Dim aFile As FileIO.TextFieldParser = New FileIO.TextFieldParser(filePath)
Dim temp() As String ' this array will hold each line of data
Dim order As doOrder = Nothing
Dim orderID As Integer
Dim myDate As DateTime = Now.ToString
aFile.TextFieldType = FileIO.FieldType.Delimited
aFile.Delimiters = New String() {","}
aFile.HasFieldsEnclosedInQuotes = True
temp = aFile.ReadFields
' parse the actual file
Do While Not aFile.EndOfData...
In the loop, keep using "aFile.ReadFields" to read the next line.
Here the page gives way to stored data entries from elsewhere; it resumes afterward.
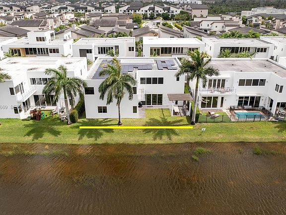 Stunning and impeccable home at the prestigious Modern Doral 75. This smart home has 6 bedrooms and 7 full bathrooms, marble and wood floors, high ceilings, impact windows, kitchen with top-of-the-line stainless steel appliances, glass and steel staircase railing, garage space for 2 cars and additional 5 parking spaces in the driveway. Great backyard waterfront to the lake with built-in BBQ, sink, and refrigerator. A significant highlight of this property is its solar panels, offering an autonomous energy source and resulting in considerable savings on electricity bills. Modern Doral is a full-service community, offering club house, fitness center, children's playground, pool, spa, gym, business community, media center and a children's room, gated community 24/7 security, MUST SEE IT!!
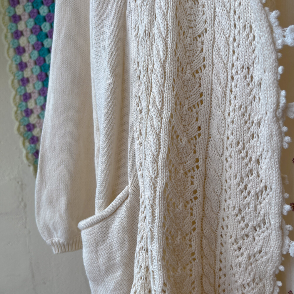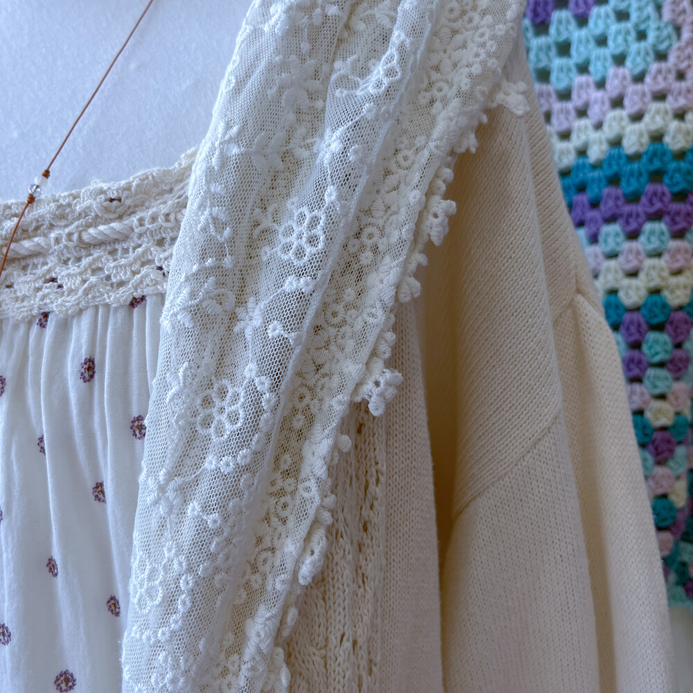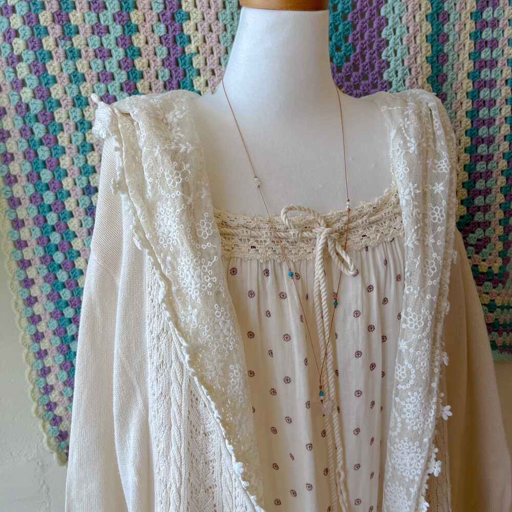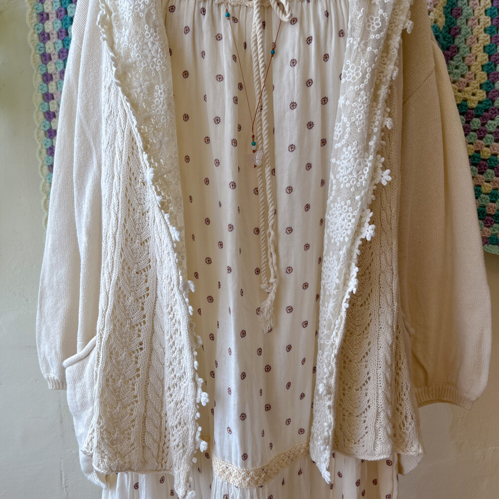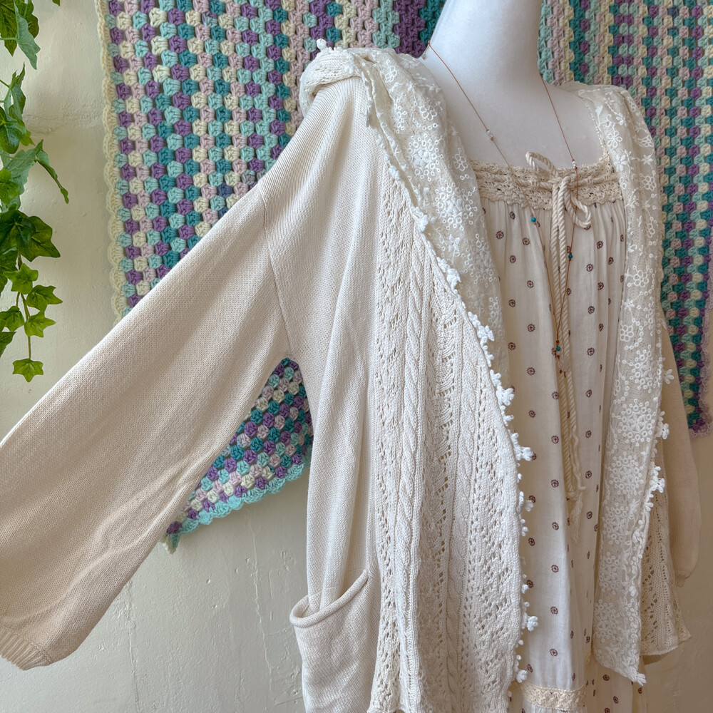 아이보리 색감의 레이스 후드 가디건이에요
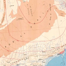 Extensive dune formations are visible in the southeastern regions, with the Rub’ al Khali (Empty Quarter) desert being particularly dominant. These dunes represent Quaternary deposits that cover vast areas of the region.
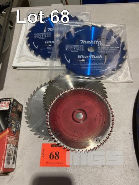 5 x TIPPED SAW BLADES, 2 - NEW, MAKITA BLUEMAK 235mm, + 3 ASSORTED
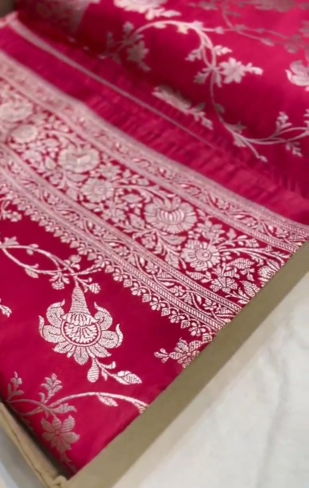 Dark Pink Banarasi Mashru Soft Silk Saree
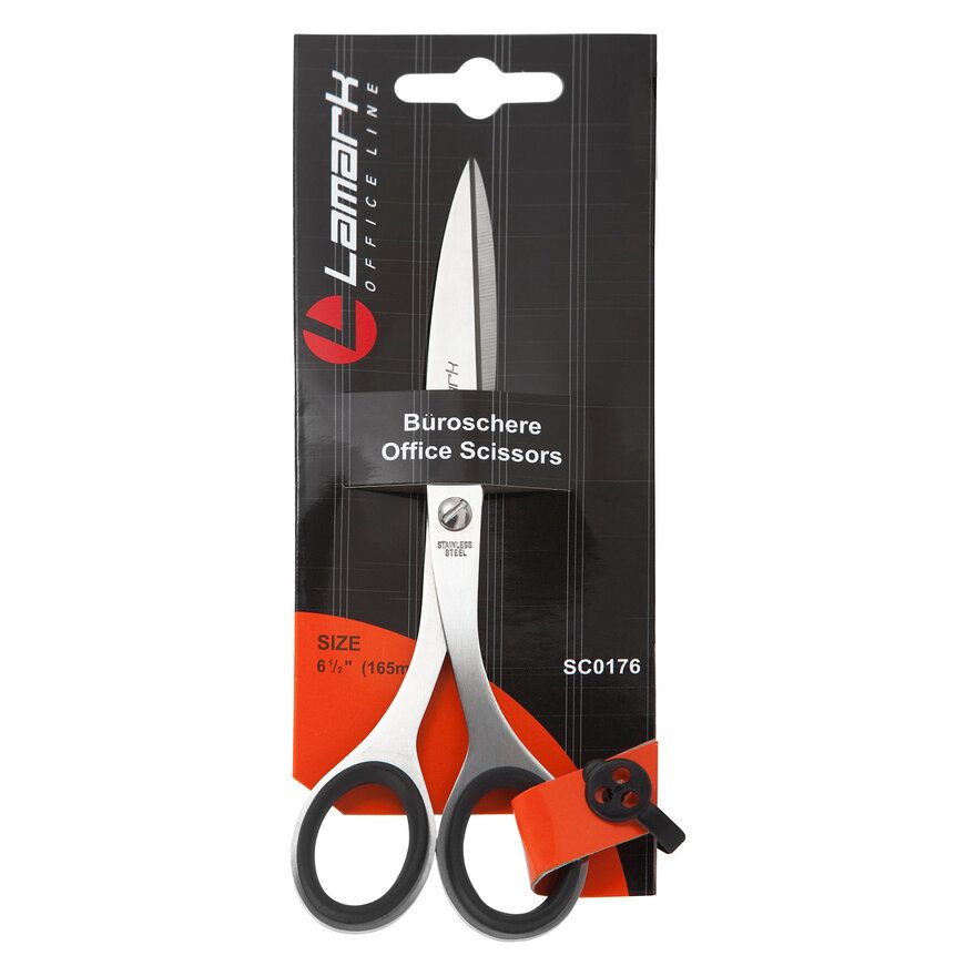 Ножницы канцелярские цельнометаллические Lamark из нержавеющей стали, с симметричными кольцами, с резиновыми вставками. Размер 16,5 см. Поставляются в блистере с еврослотом.
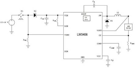 對(duì)于此應(yīng)用的調(diào)光和閃光部分,可以使用多種方法降低向LED陣列提供的功率。最常用的一種方法是脈寬調(diào)制調(diào)光,這種方法通常使用專門的邏輯信號(hào)高速開啟和關(guān)閉LED以控制總體光輸出。這種方法簡(jiǎn)單有效,但可能極少用于汽車電子系統(tǒng)應(yīng)用,因?yàn)樵诰€束中需要一根額外的線路用于調(diào)光信號(hào)。另一種方法稱為雙線調(diào)光,向LED驅(qū)動(dòng)器提供的電源定期中斷以控制調(diào)光。1.5A整體式開關(guān)穩(wěn)壓器LM3406具有此功能,其真實(shí)電流平均值實(shí)現(xiàn)更嚴(yán)密的光輸出控制。集成的N通道MOSFET不提供控制器集成電路具有的靈活性,因此降低了板上的復(fù)雜性。圖8顯示了使用雙線調(diào)光方法的LM3406應(yīng)用示例。

Once you have your String array, you can concatenate each field with pipes in between them. Kind of messy, and not Regex (don't know if that's an actual condition or just an idea), but will get the job done.
Also, please note the "aFile.HasFieldsEnclosedInQuotes = True" since that is one of the conditions you listed.
EDIT: I see that The Blue Dog gave a Regex answer while I was trying to type... You may still want to look into using the TextFieldParser regardless since you are reading a delimited file. I'll just go away now.